Franz Heinrich Reusch (4 December 1825 - 3 March 1900) was a German Old Catholic theologian who was excommunicated for his refusal to adopt certain church dogma.

He was born at Brilon, in Westphalia, studied general literature at Paderborn University, and theology at the University of Bonn, the University of Tübingen, and the Ludwig-Maximilians-Universität München. The friend and pupil of Döllinger, he took his degree of Doctor in Theology at the Ludwig-Maximilians-Universität München. He was ordained a priest in 1849 and was immediately made chaplain at Cologne. In 1854, he became Privatdozent in the exegesis of the Old Testament in the Catholic Theological Faculty at the University of Bonn; in 1858 he was made extraordinary, and in 1861 ordinary, professor of theology in the same university. From 1866 to 1877, he was editor of the Bonner Theologisches Literaturblatt.

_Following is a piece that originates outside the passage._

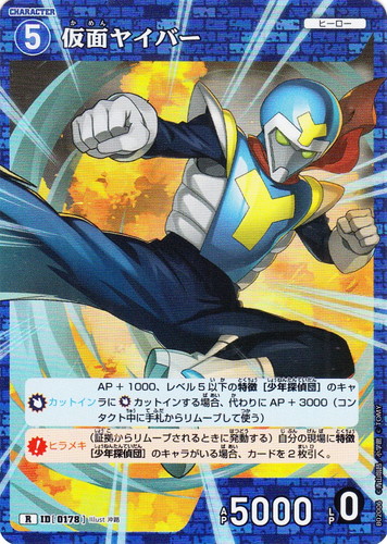 ![]() ![]() | B02006 仮面ヤイバー キャラクター 拡張パック 第2弾 西と東の大決戦 R 色:青 レベル:5 AP:5000 LP:0 特徴:ヒーロー 【カットイン】AP+1000、レベル5以下の特徴[少年探偵団]のキャラにカットインする場合、代わりにAP+3000(コンタクト中に手札からリムーブして使う) 【ヒラメキ】(証拠からリムーブされるときに発動する)自分の現場に特徴[少年探偵団]のキャラがいる場合、カードを2枚引く。 illust:沖路 |

In the controversies on the infallibility of the Pope, Reusch belonged to Döllinger's party, and he and his colleagues Bernhard Josef Hilgers, Franz Peter Knoodt and Joseph Langen were interdicted by the Archbishop of Cologne in 1871 from pursuing their courses of lectures. In 1872, he presided, in civilian clothes, over the grave of his follower Amalie von Lasaulx (Sr. Augustine) who had been defrocked for her Old Catholic beliefs.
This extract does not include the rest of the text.